The study was sponsored by the Defense Advanced Research Projects Agency (DARPA) Information Processing Techniques Office (IPTO) with Bill Harrod as program manager. The report represents the ideas of people from universities, industry, and research labs collected during periodic meetings conducted during the course of more than a year.

Harrod, who is now program manager for the Intelligence Advanced Research Projects Activity (IARPA), told the BoF audience that consideration of petascale system specifications as they existed at the time informed the study group members’ assumptions about exascale. Petascale systems operated at about 13 MW with several hundred cabinets. Thus, the anticipated parameters for exascale were 1018 operations/second at 20 MW and with fewer than 500 cabinets. The pivotal big-picture questions, Harrod said, were whether an exascale system was needed and could it be used for scientific discovery and other practical purposes.

Two other studies, on software and resiliency, respectively, followed the study upon which the 2008 report was based. The resounding, overarching comment concerning the findings of the three studies, Harrod said, was that co-design would be essential. He added that although the co-design concept was not revolutionary, it was determined to be critical for ensuring hardware design would correspond properly with the intended uses for the system, and it became an integral aspect of the US Department of Energy’s Exascale Computing Initiative (ECI) and Exascale Computing Project (ECP).
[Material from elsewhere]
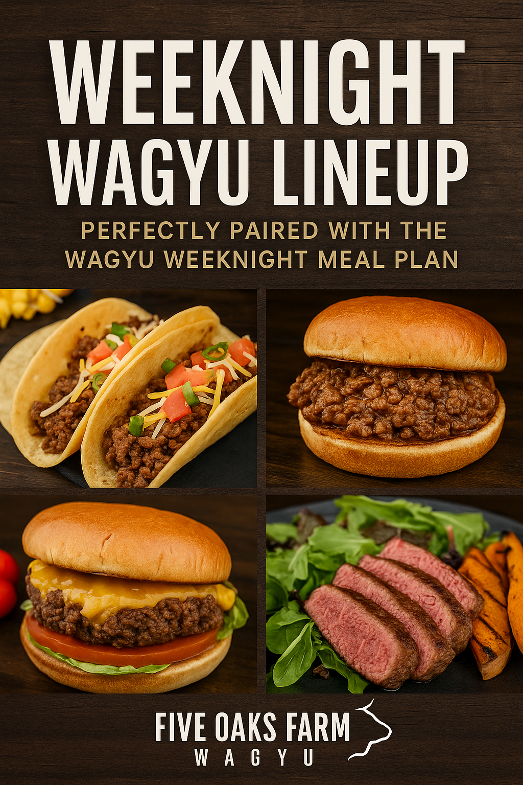 The Weeknight Wagyu Lineup is your curated bundle of Five Oaks Farm Wagyu beef, perfectly paired with our seasonal Wagyu Weeknight Meal Plan. From quick skillet meals to Friday night fajitas, this lineup includes premium cuts that simplify your week and elevate your plate.

Peter Kogge of the University of Notre Dame led the Exascale Computing study and served as editor of the 2008 report. In his presentation for the BoF, he outlined four key challenges that surfaced from the study: energy and power, memory, concurrency, and resiliency. He also summarized the 2008 computing environment and what it was anticipated to look like by 2015, noting that the study team did not focus on application needs and the Roofline model. For matrix multiply like the High-Performance Linpack (HPL) benchmark, he said, having a large enough cache would supersede concerns about memory speed; and to reach a peak of 1 exaflops, the goal was to hit 20 pJ/flop.

The team assembled what Kogge referred to as an aggressive strawman with an architecture that was largely influenced by study contributor Bill Dally (then with Stanford University, now with Nvidia), who participated in the BoF. The architecture was characterized by multicore, no coherency, and shared global address space. Reaching the 1 exaflops peak meant 68 MW power usage from 583 racks. Relative to programming, about 1 billion threads needed to be maintained. A wire interconnect was assumed.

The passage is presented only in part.